— Action item —
Taking only the lines of the data below from the line with "Marshall, Rubble, Chase, Rocky, Zuma, Skye!" to the line with "2026학년도 가천대학교 화재보험 가입 |", ends included, write them out exactly and without pictures.
#### Material provided
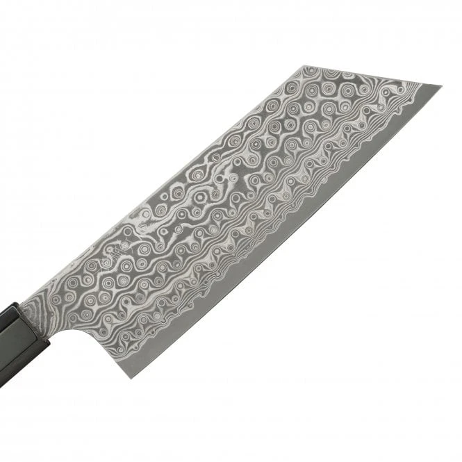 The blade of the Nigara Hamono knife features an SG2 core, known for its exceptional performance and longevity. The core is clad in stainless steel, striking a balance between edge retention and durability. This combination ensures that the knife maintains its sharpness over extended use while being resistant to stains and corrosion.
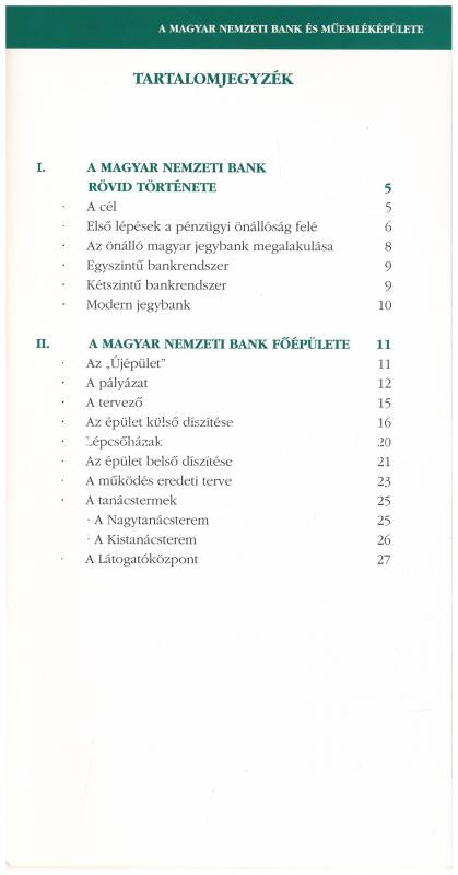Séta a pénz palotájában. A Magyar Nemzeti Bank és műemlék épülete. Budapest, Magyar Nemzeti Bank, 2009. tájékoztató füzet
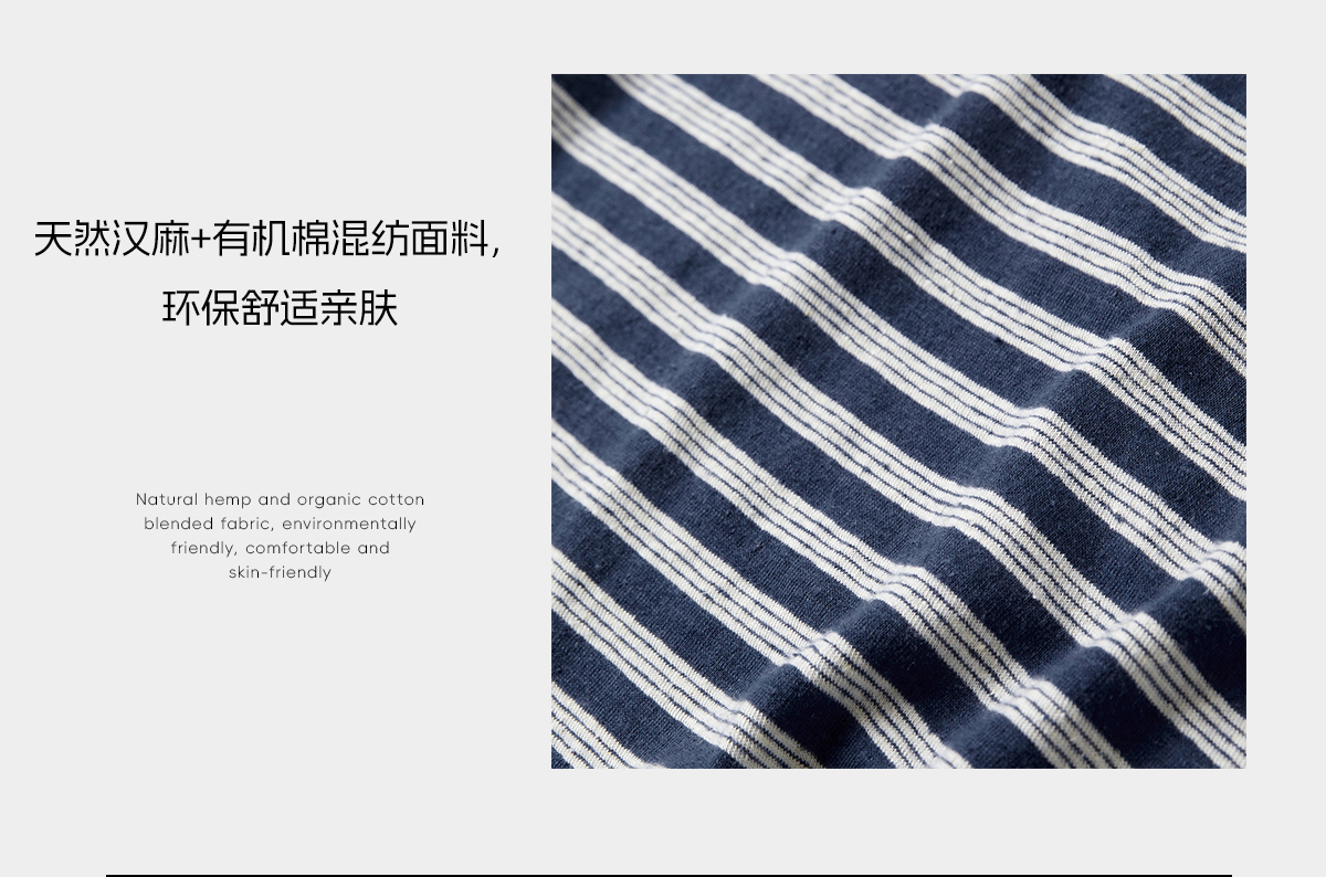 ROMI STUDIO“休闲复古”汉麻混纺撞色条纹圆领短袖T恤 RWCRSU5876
########
#### Material provided
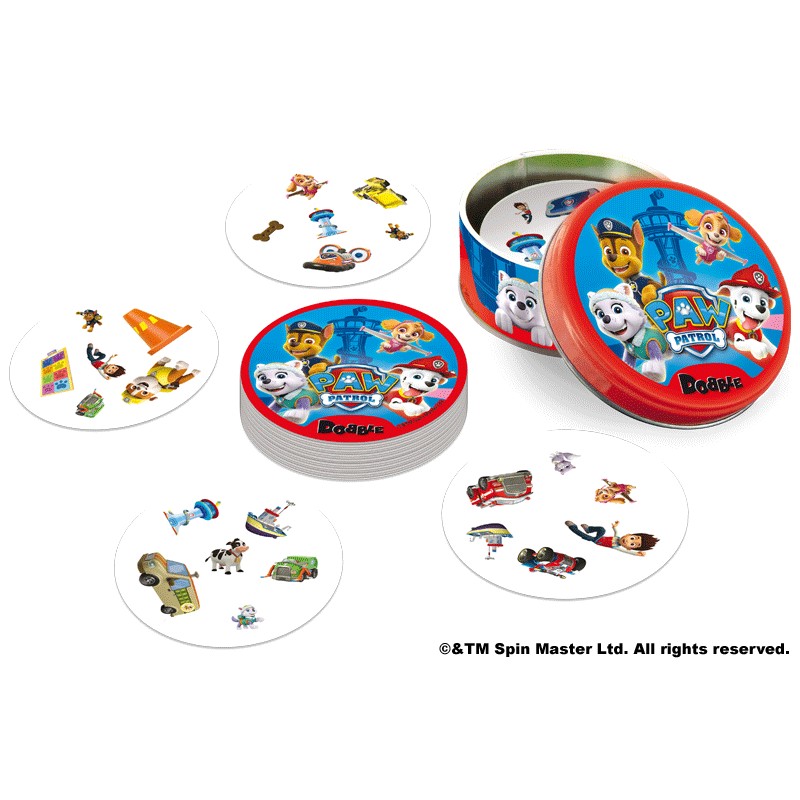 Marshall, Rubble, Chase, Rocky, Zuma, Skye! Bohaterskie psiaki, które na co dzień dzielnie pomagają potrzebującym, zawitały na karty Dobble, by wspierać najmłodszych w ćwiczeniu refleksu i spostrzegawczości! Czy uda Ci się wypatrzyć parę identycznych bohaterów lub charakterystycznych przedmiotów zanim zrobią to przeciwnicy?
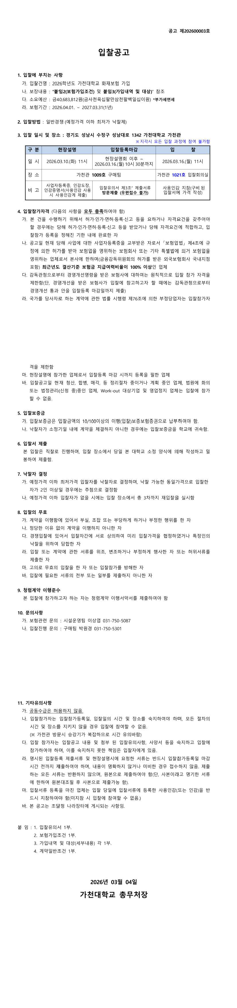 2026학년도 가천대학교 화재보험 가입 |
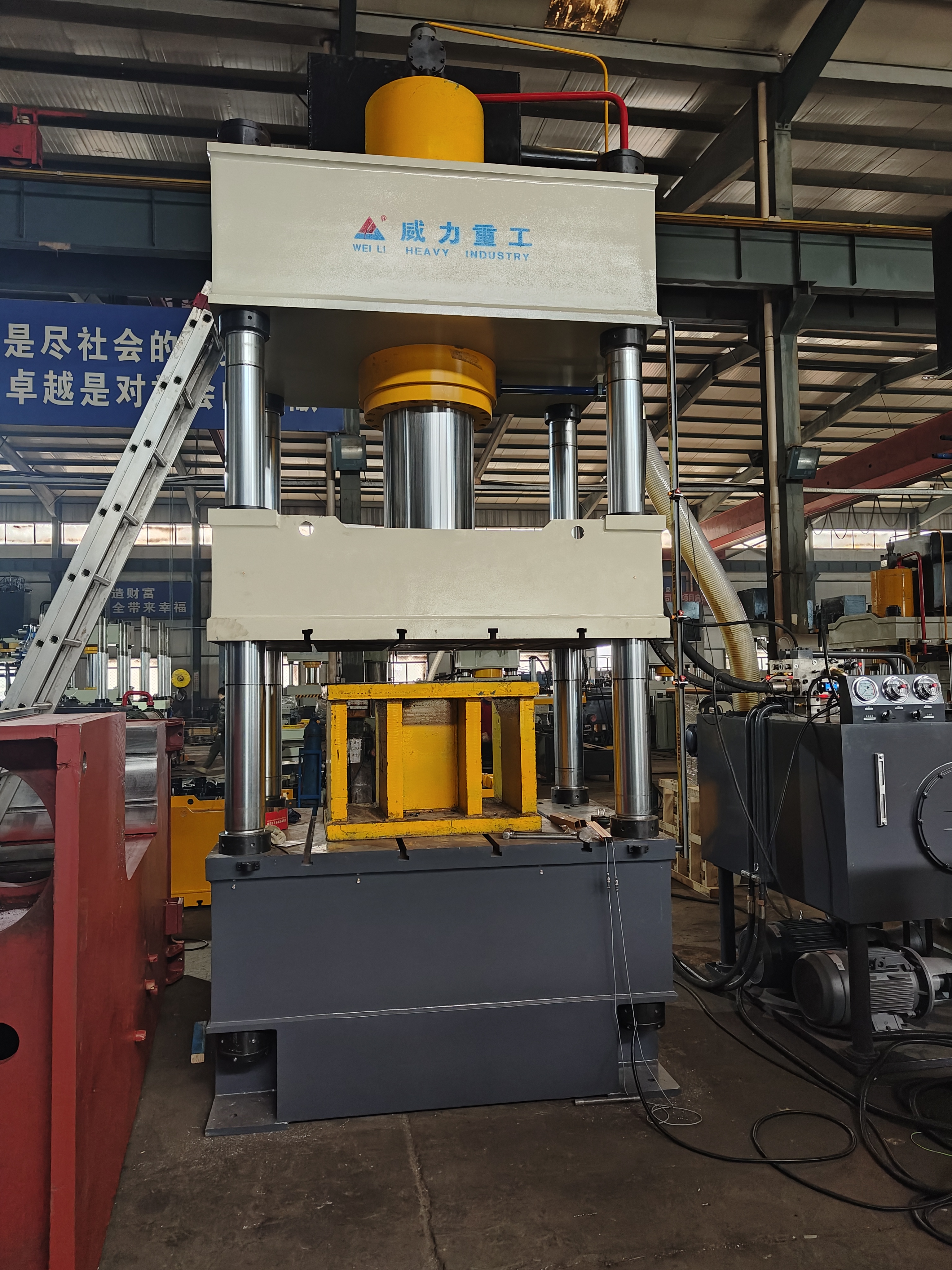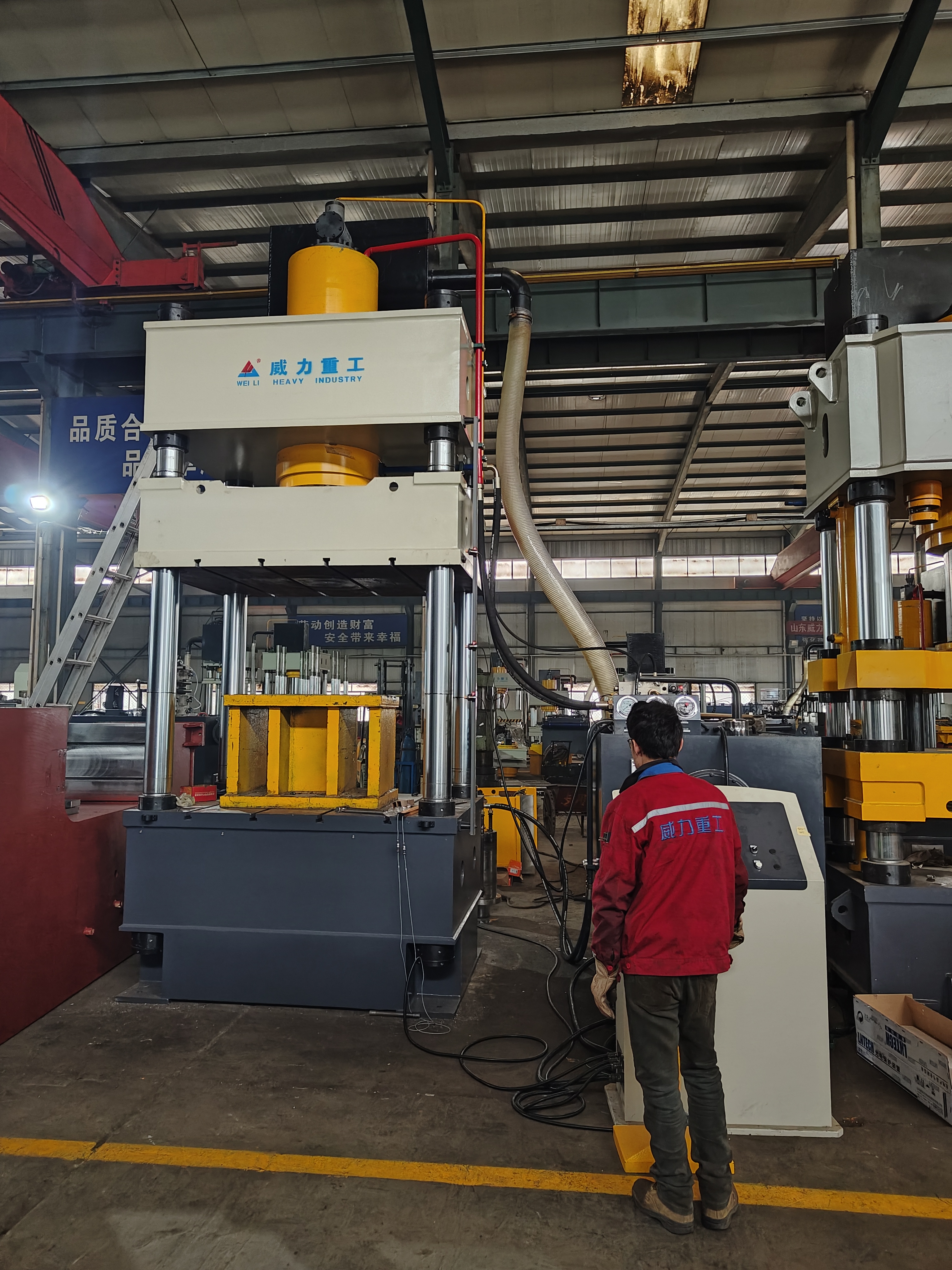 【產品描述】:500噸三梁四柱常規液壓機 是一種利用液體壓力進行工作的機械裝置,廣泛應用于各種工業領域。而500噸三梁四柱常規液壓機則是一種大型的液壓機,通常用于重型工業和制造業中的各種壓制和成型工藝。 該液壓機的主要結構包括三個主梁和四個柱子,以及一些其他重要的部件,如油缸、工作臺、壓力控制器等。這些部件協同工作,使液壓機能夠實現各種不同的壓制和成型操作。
########
#### Material provided
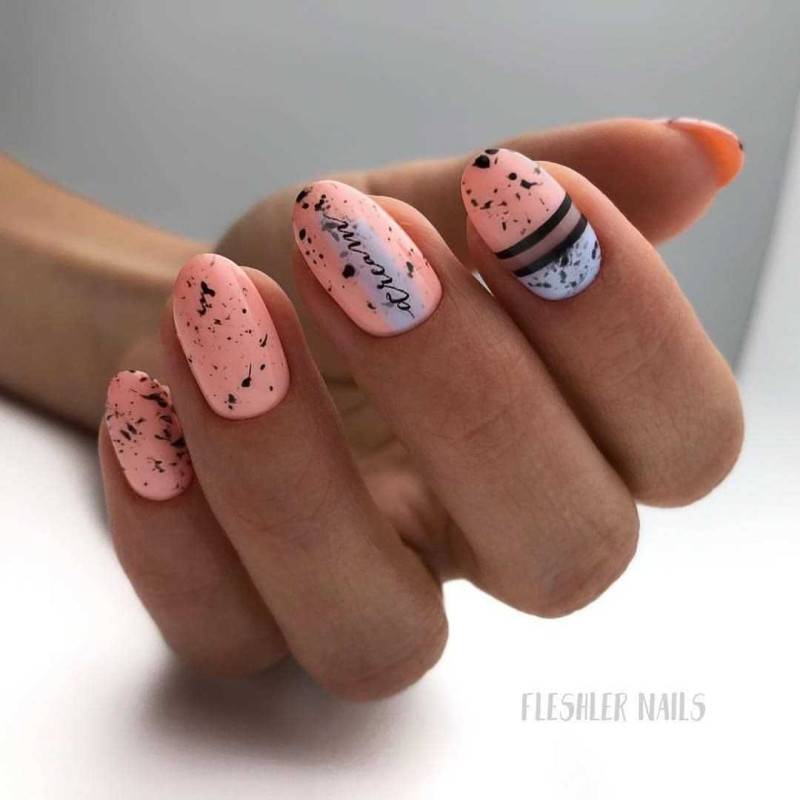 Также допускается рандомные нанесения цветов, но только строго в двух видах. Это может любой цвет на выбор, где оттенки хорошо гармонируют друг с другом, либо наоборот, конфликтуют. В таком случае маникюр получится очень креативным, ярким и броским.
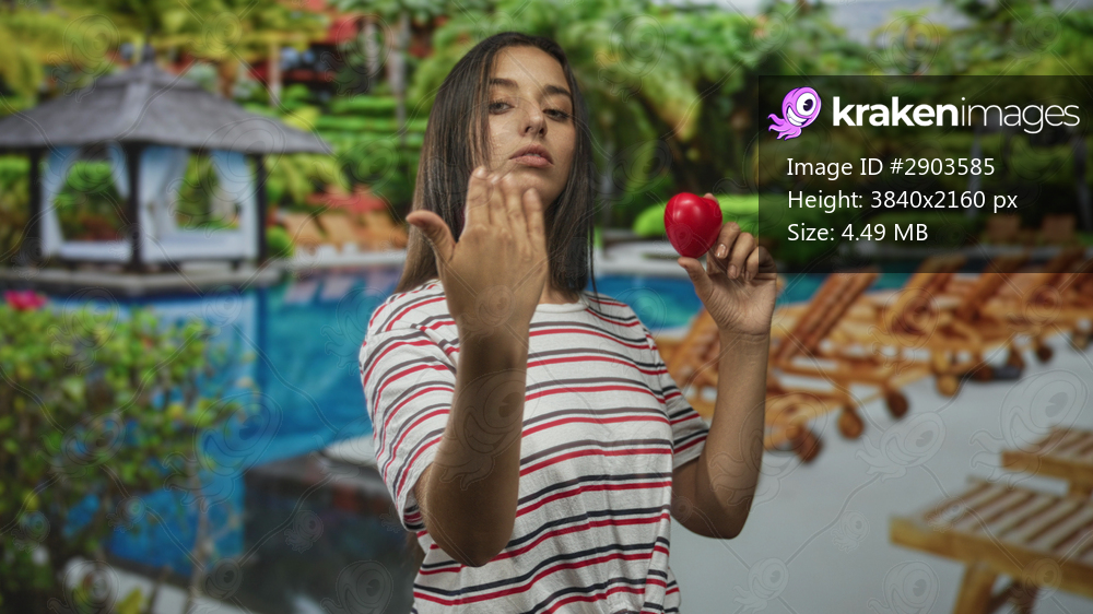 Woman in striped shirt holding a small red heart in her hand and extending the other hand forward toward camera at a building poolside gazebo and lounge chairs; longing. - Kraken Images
########
— Output for this exercise —
 Marshall, Rubble, Chase, Rocky, Zuma, Skye! Bohaterskie psiaki, które na co dzień dzielnie pomagają potrzebującym, zawitały na karty Dobble, by wspierać najmłodszych w ćwiczeniu refleksu i spostrzegawczości! Czy uda Ci się wypatrzyć parę identycznych bohaterów lub charakterystycznych przedmiotów zanim zrobią to przeciwnicy?
 2026학년도 가천대학교 화재보험 가입 |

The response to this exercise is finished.